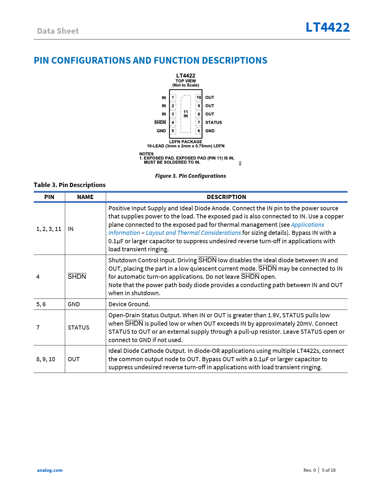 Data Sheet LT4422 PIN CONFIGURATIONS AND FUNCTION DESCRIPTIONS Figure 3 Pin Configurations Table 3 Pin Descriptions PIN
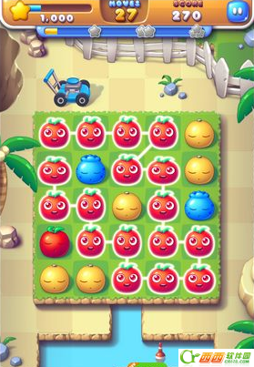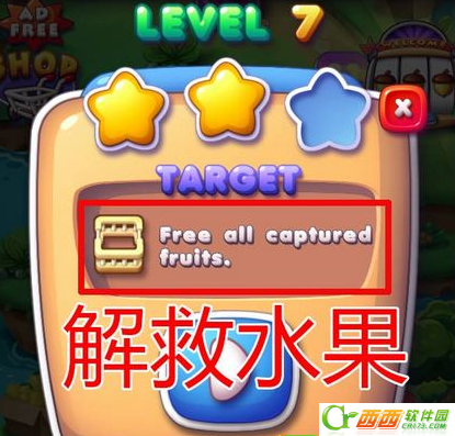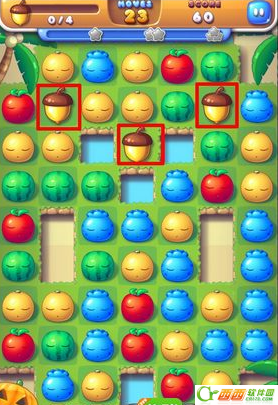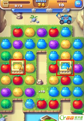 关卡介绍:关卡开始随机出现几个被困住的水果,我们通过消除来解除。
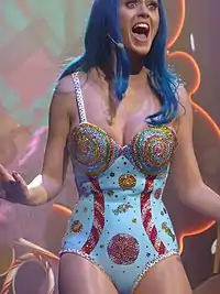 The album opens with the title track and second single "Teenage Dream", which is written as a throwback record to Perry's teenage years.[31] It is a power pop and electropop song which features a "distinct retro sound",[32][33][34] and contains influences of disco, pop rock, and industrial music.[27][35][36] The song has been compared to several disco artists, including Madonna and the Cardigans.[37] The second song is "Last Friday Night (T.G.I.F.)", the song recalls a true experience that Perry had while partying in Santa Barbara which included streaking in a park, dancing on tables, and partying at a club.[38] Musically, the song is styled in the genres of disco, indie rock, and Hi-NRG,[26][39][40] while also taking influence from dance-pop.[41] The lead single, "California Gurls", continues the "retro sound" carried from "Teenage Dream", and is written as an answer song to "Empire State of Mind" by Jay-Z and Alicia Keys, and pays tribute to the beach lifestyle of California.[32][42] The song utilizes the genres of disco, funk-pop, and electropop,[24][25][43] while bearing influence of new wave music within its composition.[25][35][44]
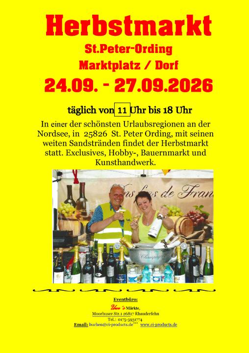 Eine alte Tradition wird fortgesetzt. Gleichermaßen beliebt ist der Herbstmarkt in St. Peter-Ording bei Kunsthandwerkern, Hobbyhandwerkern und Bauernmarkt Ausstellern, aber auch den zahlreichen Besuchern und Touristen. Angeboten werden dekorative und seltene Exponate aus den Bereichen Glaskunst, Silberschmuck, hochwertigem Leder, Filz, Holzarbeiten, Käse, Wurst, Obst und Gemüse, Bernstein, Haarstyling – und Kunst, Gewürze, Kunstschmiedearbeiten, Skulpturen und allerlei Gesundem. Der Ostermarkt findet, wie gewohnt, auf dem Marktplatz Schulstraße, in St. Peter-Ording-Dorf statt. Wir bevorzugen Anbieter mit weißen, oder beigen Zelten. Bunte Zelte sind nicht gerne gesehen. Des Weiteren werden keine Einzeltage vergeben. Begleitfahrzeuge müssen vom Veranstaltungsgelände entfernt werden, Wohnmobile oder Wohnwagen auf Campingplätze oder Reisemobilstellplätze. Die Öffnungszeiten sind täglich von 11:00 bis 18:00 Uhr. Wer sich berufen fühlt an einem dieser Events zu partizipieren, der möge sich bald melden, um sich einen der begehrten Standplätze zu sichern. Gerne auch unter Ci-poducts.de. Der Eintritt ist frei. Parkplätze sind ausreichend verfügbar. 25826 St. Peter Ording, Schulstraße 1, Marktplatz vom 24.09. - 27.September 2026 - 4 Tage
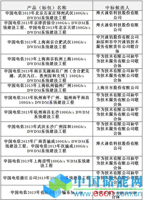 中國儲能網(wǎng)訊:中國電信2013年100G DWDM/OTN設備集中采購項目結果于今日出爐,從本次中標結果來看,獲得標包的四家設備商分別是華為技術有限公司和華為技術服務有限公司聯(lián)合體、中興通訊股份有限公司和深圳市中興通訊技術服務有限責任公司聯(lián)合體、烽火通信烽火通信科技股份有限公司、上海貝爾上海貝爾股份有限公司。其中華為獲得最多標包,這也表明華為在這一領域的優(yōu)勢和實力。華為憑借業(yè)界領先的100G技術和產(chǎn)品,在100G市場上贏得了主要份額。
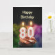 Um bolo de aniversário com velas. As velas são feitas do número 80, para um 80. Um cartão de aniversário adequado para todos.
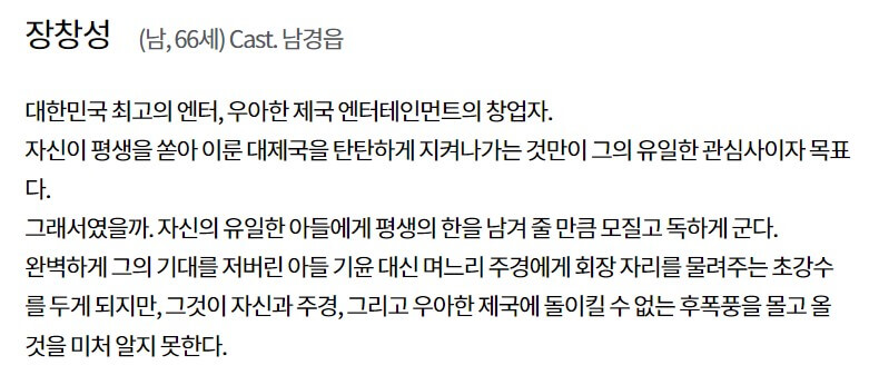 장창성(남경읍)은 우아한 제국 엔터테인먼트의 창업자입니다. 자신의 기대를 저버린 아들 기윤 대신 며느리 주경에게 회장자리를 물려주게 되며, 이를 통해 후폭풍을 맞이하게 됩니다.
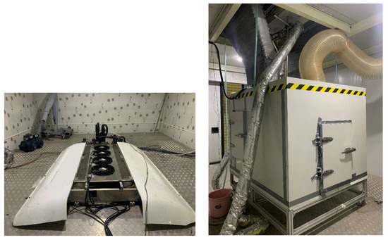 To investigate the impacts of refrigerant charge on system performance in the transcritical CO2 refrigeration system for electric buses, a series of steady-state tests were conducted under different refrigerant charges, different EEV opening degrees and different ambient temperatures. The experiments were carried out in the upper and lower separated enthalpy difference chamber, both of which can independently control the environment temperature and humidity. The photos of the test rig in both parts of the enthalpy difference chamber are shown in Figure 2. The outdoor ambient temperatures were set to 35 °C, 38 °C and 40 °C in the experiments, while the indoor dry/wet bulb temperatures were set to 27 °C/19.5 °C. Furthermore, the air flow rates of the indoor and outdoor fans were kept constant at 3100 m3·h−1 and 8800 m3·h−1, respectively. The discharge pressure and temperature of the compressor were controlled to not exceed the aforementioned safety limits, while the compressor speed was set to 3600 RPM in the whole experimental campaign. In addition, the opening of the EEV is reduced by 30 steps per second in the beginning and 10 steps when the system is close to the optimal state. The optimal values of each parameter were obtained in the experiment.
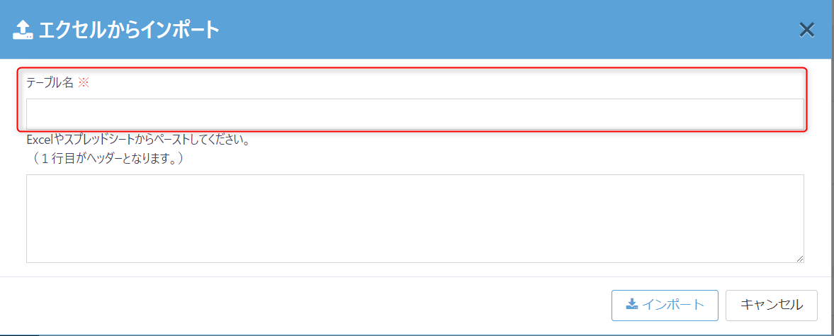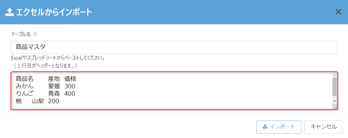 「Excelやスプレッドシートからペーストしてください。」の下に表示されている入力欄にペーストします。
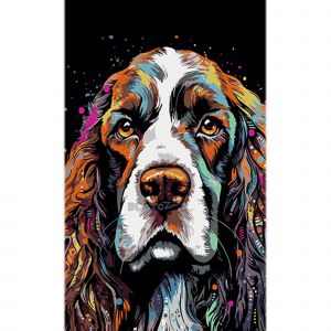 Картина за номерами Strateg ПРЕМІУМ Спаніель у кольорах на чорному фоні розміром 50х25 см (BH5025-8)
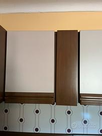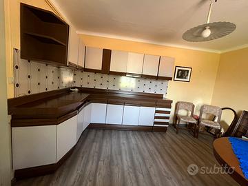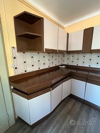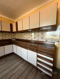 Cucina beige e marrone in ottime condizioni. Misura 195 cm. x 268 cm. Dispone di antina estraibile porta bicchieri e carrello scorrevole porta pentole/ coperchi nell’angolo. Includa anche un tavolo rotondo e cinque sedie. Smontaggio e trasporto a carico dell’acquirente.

_Description of the task_.
Wherever a picture appears in the records, omit it, and transcribe everything else exactly.

_Solution to this problem_.
 Data Sheet LT4422 PIN CONFIGURATIONS AND FUNCTION DESCRIPTIONS Figure 3 Pin Configurations Table 3 Pin Descriptions PIN
 关卡介绍:关卡开始随机出现几个被困住的水果,我们通过消除来解除。
 The album opens with the title track and second single "Teenage Dream", which is written as a throwback record to Perry's teenage years.[31] It is a power pop and electropop song which features a "distinct retro sound",[32][33][34] and contains influences of disco, pop rock, and industrial music.[27][35][36] The song has been compared to several disco artists, including Madonna and the Cardigans.[37] The second song is "Last Friday Night (T.G.I.F.)", the song recalls a true experience that Perry had while partying in Santa Barbara which included streaking in a park, dancing on tables, and partying at a club.[38] Musically, the song is styled in the genres of disco, indie rock, and Hi-NRG,[26][39][40] while also taking influence from dance-pop.[41] The lead single, "California Gurls", continues the "retro sound" carried from "Teenage Dream", and is written as an answer song to "Empire State of Mind" by Jay-Z and Alicia Keys, and pays tribute to the beach lifestyle of California.[32][42] The song utilizes the genres of disco, funk-pop, and electropop,[24][25][43] while bearing influence of new wave music within its composition.[25][35][44]
 Eine alte Tradition wird fortgesetzt. Gleichermaßen beliebt ist der Herbstmarkt in St. Peter-Ording bei Kunsthandwerkern, Hobbyhandwerkern und Bauernmarkt Ausstellern, aber auch den zahlreichen Besuchern und Touristen. Angeboten werden dekorative und seltene Exponate aus den Bereichen Glaskunst, Silberschmuck, hochwertigem Leder, Filz, Holzarbeiten, Käse, Wurst, Obst und Gemüse, Bernstein, Haarstyling – und Kunst, Gewürze, Kunstschmiedearbeiten, Skulpturen und allerlei Gesundem. Der Ostermarkt findet, wie gewohnt, auf dem Marktplatz Schulstraße, in St. Peter-Ording-Dorf statt. Wir bevorzugen Anbieter mit weißen, oder beigen Zelten. Bunte Zelte sind nicht gerne gesehen. Des Weiteren werden keine Einzeltage vergeben. Begleitfahrzeuge müssen vom Veranstaltungsgelände entfernt werden, Wohnmobile oder Wohnwagen auf Campingplätze oder Reisemobilstellplätze. Die Öffnungszeiten sind täglich von 11:00 bis 18:00 Uhr. Wer sich berufen fühlt an einem dieser Events zu partizipieren, der möge sich bald melden, um sich einen der begehrten Standplätze zu sichern. Gerne auch unter Ci-poducts.de. Der Eintritt ist frei. Parkplätze sind ausreichend verfügbar. 25826 St. Peter Ording, Schulstraße 1, Marktplatz vom 24.09. - 27.September 2026 - 4 Tage
 中國儲能網(wǎng)訊:中國電信2013年100G DWDM/OTN設備集中采購項目結果于今日出爐,從本次中標結果來看,獲得標包的四家設備商分別是華為技術有限公司和華為技術服務有限公司聯(lián)合體、中興通訊股份有限公司和深圳市中興通訊技術服務有限責任公司聯(lián)合體、烽火通信烽火通信科技股份有限公司、上海貝爾上海貝爾股份有限公司。其中華為獲得最多標包,這也表明華為在這一領域的優(yōu)勢和實力。華為憑借業(yè)界領先的100G技術和產(chǎn)品,在100G市場上贏得了主要份額。
 Um bolo de aniversário com velas. As velas são feitas do número 80, para um 80. Um cartão de aniversário adequado para todos.
 장창성(남경읍)은 우아한 제국 엔터테인먼트의 창업자입니다. 자신의 기대를 저버린 아들 기윤 대신 며느리 주경에게 회장자리를 물려주게 되며, 이를 통해 후폭풍을 맞이하게 됩니다.
 To investigate the impacts of refrigerant charge on system performance in the transcritical CO2 refrigeration system for electric buses, a series of steady-state tests were conducted under different refrigerant charges, different EEV opening degrees and different ambient temperatures. The experiments were carried out in the upper and lower separated enthalpy difference chamber, both of which can independently control the environment temperature and humidity. The photos of the test rig in both parts of the enthalpy difference chamber are shown in Figure 2. The outdoor ambient temperatures were set to 35 °C, 38 °C and 40 °C in the experiments, while the indoor dry/wet bulb temperatures were set to 27 °C/19.5 °C. Furthermore, the air flow rates of the indoor and outdoor fans were kept constant at 3100 m3·h−1 and 8800 m3·h−1, respectively. The discharge pressure and temperature of the compressor were controlled to not exceed the aforementioned safety limits, while the compressor speed was set to 3600 RPM in the whole experimental campaign. In addition, the opening of the EEV is reduced by 30 steps per second in the beginning and 10 steps when the system is close to the optimal state. The optimal values of each parameter were obtained in the experiment.
 「Excelやスプレッドシートからペーストしてください。」の下に表示されている入力欄にペーストします。
 Картина за номерами Strateg ПРЕМІУМ Спаніель у кольорах на чорному фоні розміром 50х25 см (BH5025-8)
 Cucina beige e marrone in ottime condizioni. Misura 195 cm. x 268 cm. Dispone di antina estraibile porta bicchieri e carrello scorrevole porta pentole/ coperchi nell’angolo. Includa anche un tavolo rotondo e cinque sedie. Smontaggio e trasporto a carico dell’acquirente.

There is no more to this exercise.